Atopic dermatitis is an inflammatory skin disease common in both adults and children. It is associated with a significant reduction in quality of life and numerous systemic comorbidities. However, there is no clarity on the association between AD, sleep disturbance, and systemic inflammation. To fill this knowledge gap, Varsha Parthasarathy, Johns Hopkins Department of Dermatology, Baltimore MD, and colleagues aimed to examine the comorbidity burden of sleep disorders in AD patients and associate findings with inflammatory C-reactive protein and cardiovascular comorbidities in a large, multicenter cohort.
"The implications of these findings are vast," said presenting author Dr.

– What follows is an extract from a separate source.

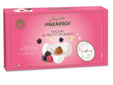 Toasted almond covered with white chocolate yogurt with berries and a thin layer of sugar.

Parthasarathy during the presentation. "Poor sleep quality is known to be associated with increased inflammatory markers such as IL-6, IL-17, and CRP, so it is interesting to see this reflected in AD patients with versus without sleep disturbance. Additionally, we know that CRP is a driver of inflammation and is strongly associated with cardiovascular complications such as heart attack and stroke. Therefore, CRP may be a useful prognostic marker in AD patients with sleep disturbances."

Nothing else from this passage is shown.